Hence, there is a variety of young people in the IDF, all from different backgrounds.  In fact, three quarters of the army recruits are non-combat, and fill positions in logistics, intelligence, computers, education, etc. The IDF is a reflection of its people, and it mirrors the diversity in Israeli society. During our IDF service, we worked intensively with the different populations that make up the Israeli society. This includes new immigrants from many different countries, Druze (an offshoot of Ismailism, a branch of Shia Islam), lone soldiers, Christians, Bedouins, and troubled youth from difficult homes. Despite this colorful arrangement, the differences are not felt: all soldiers receive benefits from the army and serve equally.

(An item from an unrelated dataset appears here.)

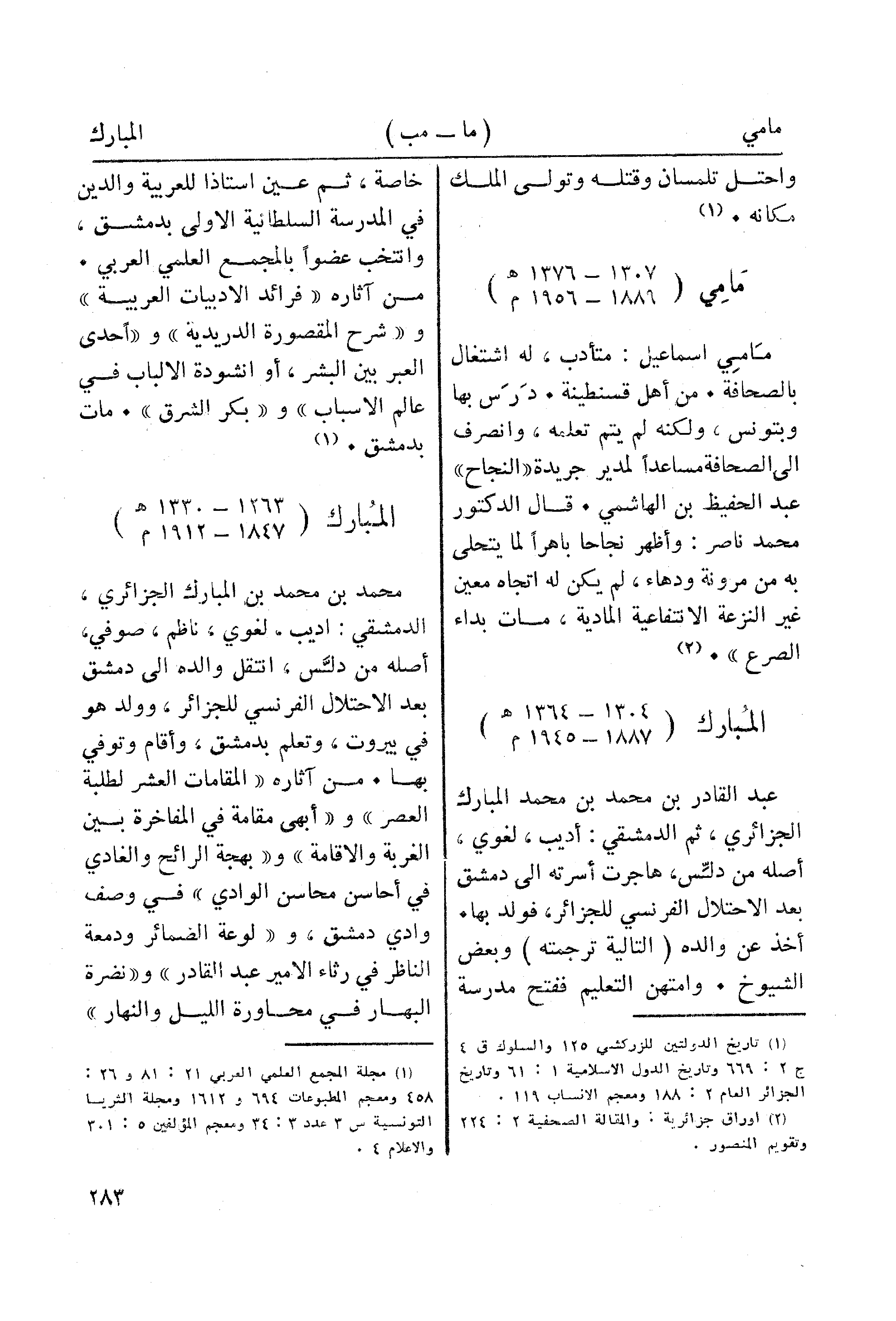 (¬1) مجلة المجمع العلمي العربي 21: 81 و 26: 58، ومعجم المطبوعات 694 و1612 ومجلة الثريا التونسية س 3 عدد 3: 34 ومعجم المؤلفين 5: 301 والاعلام 4.

There is freedom of religion in the celebration of all the different religious festivals and respect for everyone’s dietary laws. Once you put on a uniform, it doesn’t matter where you came from –we are all one, with the same goal: defending the State of Israel.

JP: In your StandWithUs tour of the East Coast, what impressions about Israel have you received on US campuses?

Ilana & Itai: We did, unfortunately, have a few experiences with some students that have no tolerance for any opinion which isn’t their own. There are those who have a clear political agenda which is entirely anti-Israel, they are not looking for respectful dialogue that could mean peace and understanding.  We were however, happy to discover a mostly open-minded and intelligent audience at many of our campus engagements.  Many were open to dialogue and conversation, and we had some great talks but also really meaningful one-on-one conversations after the event.

JP: As a result of your current Israeli Soldiers Tour of US campuses, what would you recommend to improve students perception of Israel?

Ilana & Itai: If there is one thing to take away from the Israeli Soldiers Tour, it’s that your story matters.  Conveying what you’ve experienced, seen and felt personally as an IDF soldier has the capability to break through the obstacle of misinformation about Israel like nothing else can.